Topics: gilts| Henderson Global Investors| George Osborne| Bank of England
International investors are buying record amounts of UK government bonds as the Bank of England’s £75bn QE programme spurs demand, with the yield on the ten-year gilt hitting a new record low.
However, a leading economist said this does not mean the UK is necessarily a safe haven from the eurozone crisis.
The government’s long-term benchmark borrowing costs have fallen to lows last seen in the 1890s, helped by demand from some of the world’s biggest sovereign wealth funds, according to the FT.

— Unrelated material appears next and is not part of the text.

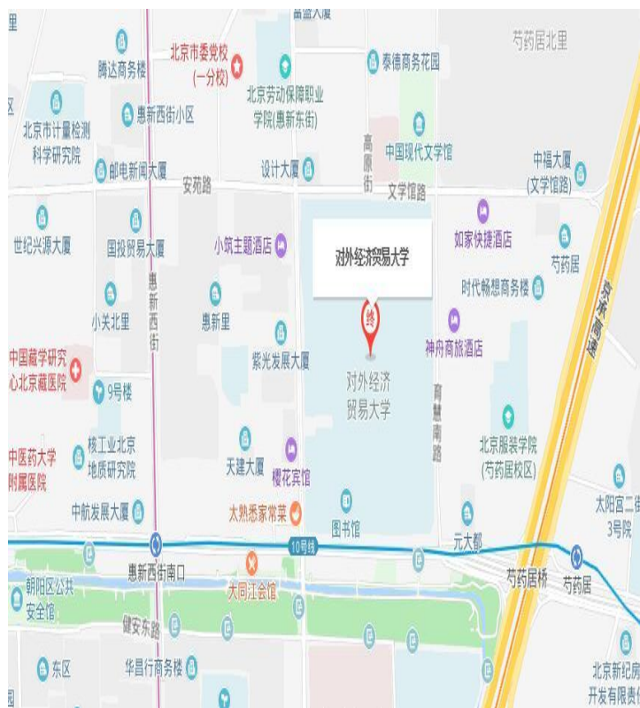
对外经济贸易大学位置

International investors bought £28.87bn of gilts in October and November – the largest amount over a two-month period since the data was first collected by the Bank in 1982. Ten-year yields fell to 1.96 per cent last week.
Henderson’s chief economist Simon Ward (pictured) said the gilt purchase figures cast doubt on Chancellor George Osborne’s claim record low yields represent a vote of confidence in the UK economy.

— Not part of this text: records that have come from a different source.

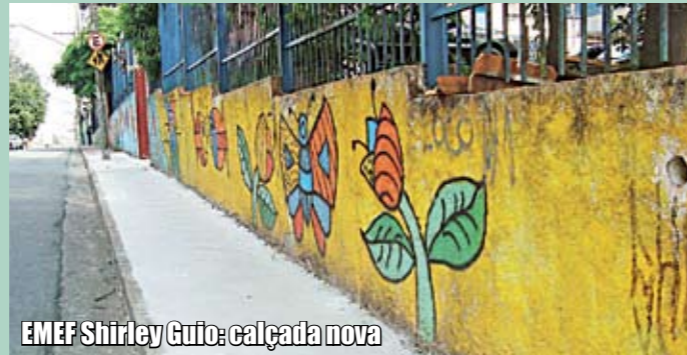
EMEF Shirley Guio: calçada nova

A Subprefeitura está promovendo uma reforma geral nas calçadas, travessas e escadarias da região. Como parte do PEC - Programa Emergencial de Calçadas, algumas escolas, UBSs e hospital ganharão novo passeio em pouco tempo. Além disso, três travessas e uma via de pedestres também receberão nova pavimentação em concreto, totalizando quase um quilômetro de asfalto novo. A mudança já pode ser observada na calçada novinha da EMEF Shirley Guio, na rua Cristóvão Lins, 611, Vila Isolina Mazzei, distrito de Vila Guilherme. Todas as obras devem estar concluídas até o final do ano.
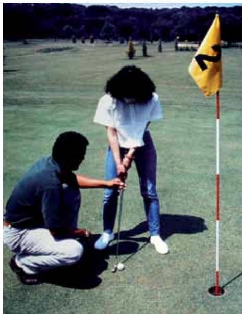
Fotos: 1.- Imatge de la petita casa club, que ja era pràcticament acabada. Els únics arbres que hi havia a la zona eren plataners alts i prims. Més tard s'hi plantarien acàcies i un petit jardinet que envoltava una petita terrassa. 2.- Imatge del cartell publicitari que es va instal·lar a peu de la carretera de Llagostera a Santa Cristina. 3.- Perspectiva de la zona on s'ubicaria el green de putts, tot el carrer del 18, i els futurs greens del 18, 12, 14 i 15, tapats amb plàstics negres. 4.- Imatge de l'equip irlandès durant el primer gran enfrontament internacional a Solius l'any 1997. 5.- Magnífic detall de la riquesa natural que servia de marc al forat 2 i a la façana de Can Dalmau. 6.- Imatge de com el professor de Solius, Pedro, imparteix classes.
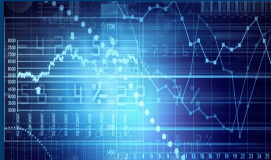
Análisis de información de Mercado
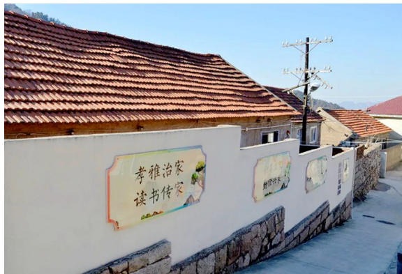
崂山北宅村容村貌“微整治·精提升”。

“过去的环境跟现在没法比，现在越来越好啦。”家住慕武石村的居民表示，“村里乱堆乱放的情况基本没有，田间地头也都清理得干干净净，让人很舒服。村里还用奖励煤气票的方式，鼓励大家做好房前屋后的卫生，既干净又能得到实惠，真是‘双赢’。”

“Yields, instead, have been driven down by a combination of QE, regulatory-inspired bank buying and capital flight from the eurozone,” Ward said.

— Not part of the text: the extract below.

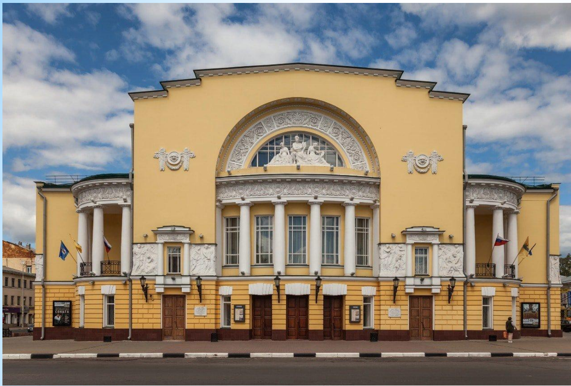
Театр им. Ф.Г. Волкова в Санкт-Петербурге

“In November alone, the Bank bought £23.9bn in QE operations while overseas investors ploughed £16.3bn into gilts – just below a record £16.6bn in September 2008, when Lehman failed.
“With the Debt Management Office (DMO) issuing “only” a net £11.9bn, official and foreign demand was sated by UK non-bank investors and banks selling on a large scale – reflecting, presumably, a judgment that yields were artificially and unsustainably low.”
UK non-bank investors, traditional buyers of gilts, actually reduced their holdings by a record £23.1bn in November after selling off £16.7bn in October, he added.
They have sold down their holdings in gilts by £6.1bn since 2009, compared to a purchase of £37.2bn over the previous three years.
“With conventional market drivers suppressed by price-insensitive official and foreign demand, the key determinants of whether or when yields will recover will be QE and regulatory policies and the success or failure of eurozone stabilisation efforts.
"UK economic and fiscal trends, as well as rating agency decisions, are probably of second-order importance,” Ward said.